# Your assignment:
Transcribe each line of the material as it is, and drop any picture.

# Dataset section:
........
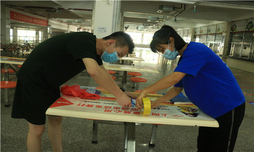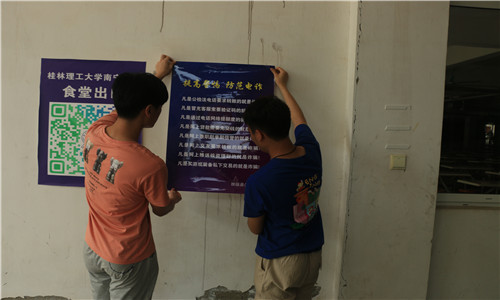 分校老兵团成员在食堂餐桌张贴防骗宣传单
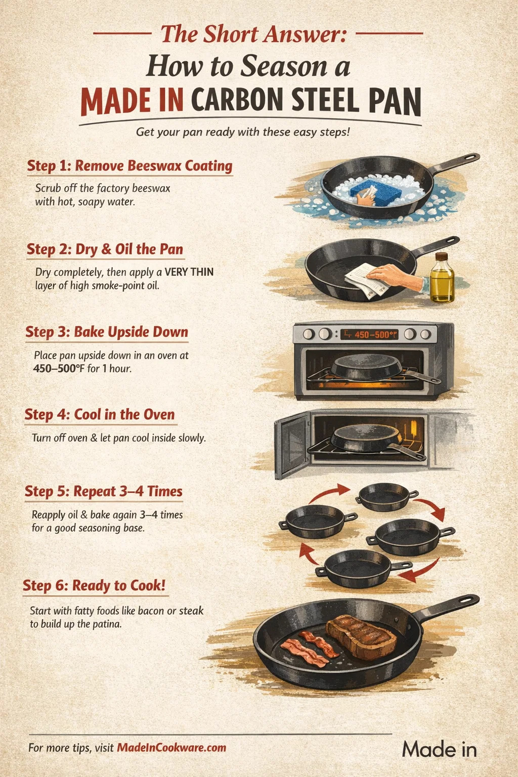 Per condire una padella in acciaio al carbonio Fatto a, lavi via il rivestimento protettivo di cera d'api con cui viene fornita, la asciughi completamente, applichi uno strato molto sottile di olio con punto di fumo elevato su tutta la superficie e lo riscaldi in un forno a 450–500 ° F finché l'olio non polimerizza in uno strato duro e liscio. Ripeti quel processo 3 o 4 volte prima del tuo primo cuoco. Questo è il nocciolo della questione. Tutto il resto – gli oli specifici, le sfumature della temperatura del forno, il metodo del piano cottura, la cura a lungo termine – è solo un perfezionamento in aggiunta a quella struttura di base.
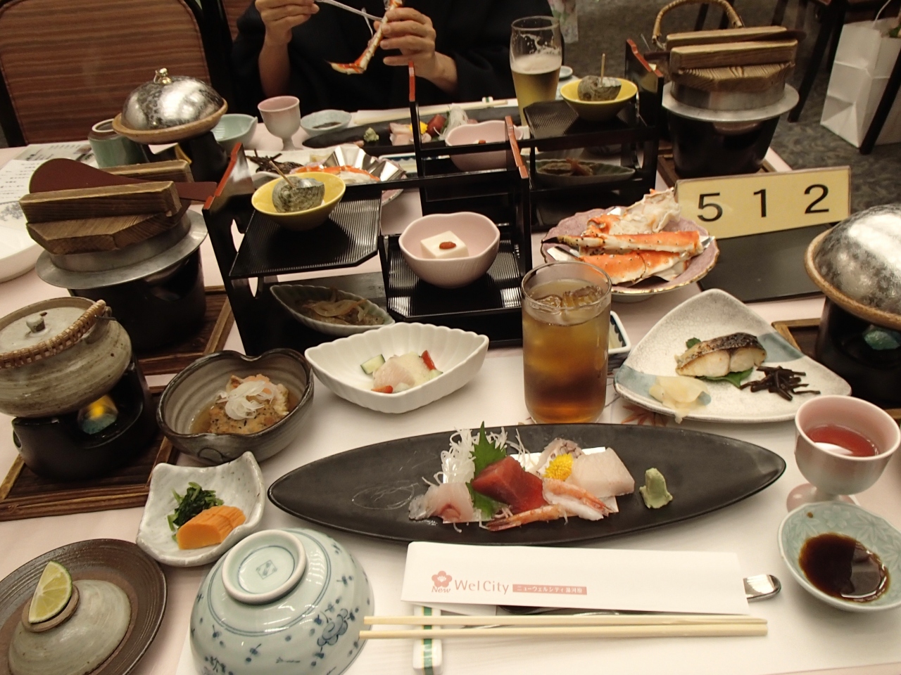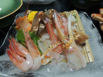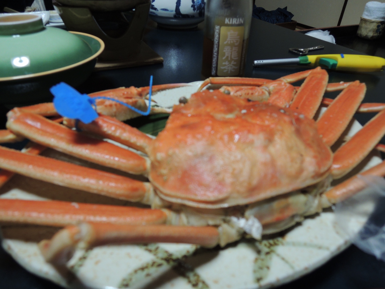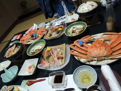 カニ刺しから始まり茹で、鍋、天ぷらなど本当にカニづくしでしばらくはカニはいらなくなりました(笑)一人2.5杯のカニコース(タグ付き松葉カニ付き)、27,000円くらいでした。
........
# Exercise response:
 分校老兵团成员在食堂餐桌张贴防骗宣传单
 Per condire una padella in acciaio al carbonio Fatto a, lavi via il rivestimento protettivo di cera d'api con cui viene fornita, la asciughi completamente, applichi uno strato molto sottile di olio con punto di fumo elevato su tutta la superficie e lo riscaldi in un forno a 450–500 ° F finché l'olio non polimerizza in uno strato duro e liscio. Ripeti quel processo 3 o 4 volte prima del tuo primo cuoco. Questo è il nocciolo della questione. Tutto il resto – gli oli specifici, le sfumature della temperatura del forno, il metodo del piano cottura, la cura a lungo termine – è solo un perfezionamento in aggiunta a quella struttura di base.
 カニ刺しから始まり茹で、鍋、天ぷらなど本当にカニづくしでしばらくはカニはいらなくなりました(笑)一人2.5杯のカニコース(タグ付き松葉カニ付き)、27,000円くらいでした。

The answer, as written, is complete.